Afternoon tea and cakes provided 

RSVP: Ania Ajiri a.ajiri at uws.edu.au or 9685 9600

Apologies: Kay Anderson k.anderson at uws.edu.au   

 

 

 

Emerging Technologies and Social Networks

Ron  Burnett

Networked cultures have grown and proliferated through the use of different modes and models of exchange and interchange, built on the foundations of social action, cultural communications and interactivity (Blogs, YouTube, Flickr, Current.tv and so on). Internet networks make it possible for very different communities to be built and maintained over geographically dispersed areas. As a result ecologies or environments are built to sustain both the exchange and the relationships that grow from the networks. In networked peer-to-peer communications, relationships between people are defined by the time of connection and not only by expectations about content and interaction. Some of the central characteristics of social networking are:

*         The ability to pursue many different activities at once and to be able to share both the process and the outcomes of sharing files and information over the Internet through decentralized means.
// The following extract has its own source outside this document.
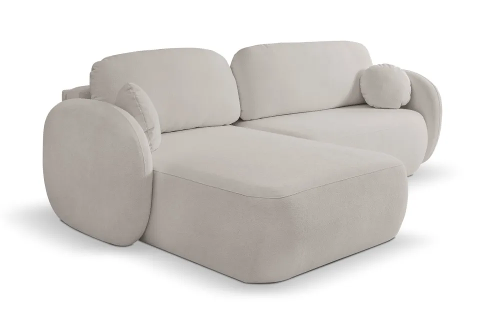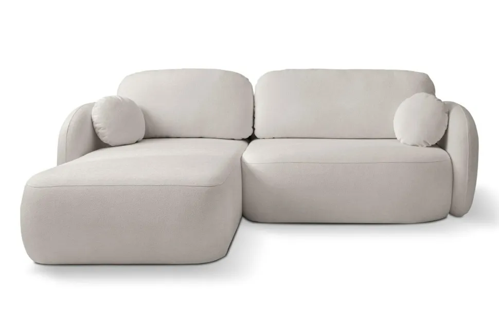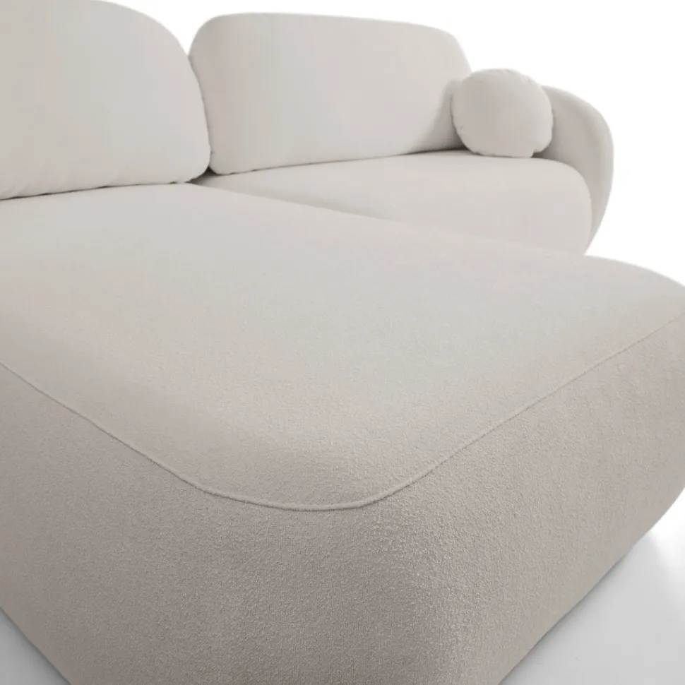 Przedstawiamy narożnik Salby, który stanowi połączenie elegancji i funkcjonalności. Jego wyjątkowy design inspirowany jest stylem japandi i boho, co sprawia, że idealnie wpisuje się w przestrzeń nowoczesnych mieszkań. Wygodne siedzisko i miękkie poduchy oparciowe gwarantują komfort na co dzień, a zaokrąglone podłokietniki dodają mu wyjątkowego charakteru. Dodatkowo sofa wyposażona jest w dwie okrągłe poduszki, które sprawią, że popołudniowa drzemka będzie jeszcze przyjemniejsza.

*         It is not enough to just connect to the Internet through available interfaces. Networked communities are constantly involved in customizing the interfaces that they use and in designing the way that they can navigate through various Internet configurations. This is closely related to the ways in which the open source movement works (e.g., Linux).

*         Social networks are about the continual construction, decline and reinvigoration of different types of communities. One of the most important features of social networks is the way in which ideas spread. Communities appear, disappear and regenerate and then disappear in quick succession.

*         Participants in social networks collaborate and this is as important as the sharing of information and files. Collaboration is about community building, but also about developing projects and creating awareness. Artists are using social networks to pursue a variety of different initiatives. The anti-globalization movement has used social networks to develop its own news channels. Health organizations are using social networks to facilitate learning and education in rural and less developed areas of the world.

 

 

Digital Storytelling as Experience Design: Communication designing for a convergent media world

Kaye Shumack

The rapid and relentless changes taking place in internet and digital media are described as democratising processes, providing far greater access to public media contexts. This is evidenced through emerging forms of dialogue - including blogs, and pod/vod casting as 'user-generated' content. As well as this greater access to public communication forums, the parallel availability of affordable softwares to produce media content continues to rapidly accelerate. In this convergent media environment, the role of the communication designer is significantly challenged to embrace a much deeper engagement and collaboration with social and cultural contexts. Designers have new opportunities to explore different roles - as cultural activist, as problem finder, as facilitator, and strategic planner and collaborator. This presentation suggests some of the ways in which communication design can build collaborations around both research and teaching. The current design collaboration with CCR around the Digital Cultural Atlas (DCA) is discussed, involving the use of an auto-ethnographic research method with an undergraduate teaching project.

 

 

 

Dr Ron Burnett is President of the Emily Carr Institute of Art and Design in Vancouver, Canada. He is a film and videomaker, photographer, web designer and writer who has published three books, most recently, How Images Think (MIT Press, 2005) and over 150 articles in journals and books worldwide. He is Chair of the Board of Knowledge Network, BC's public educational channel, and Adjunct Professor of Film and Video at York University in Toronto. 

 

Kaye Shumack is based in the School of Communication Arts, and currently on placement with the CCR. Her research focuses on two areas: art and design teaching and learning as practice-led research, and theory and practice of narratives and genres for representations of 'self' and 'others' in communication design practices.

 

 

 

Please note that there is an additional session on 15 May (12.30-1.30) featuring: 

 

Ali Abunimah 

(author, One Country: A Bold Proposal to Break the Israeli/ Palestinian Impasse and editor, Electronic Intifada)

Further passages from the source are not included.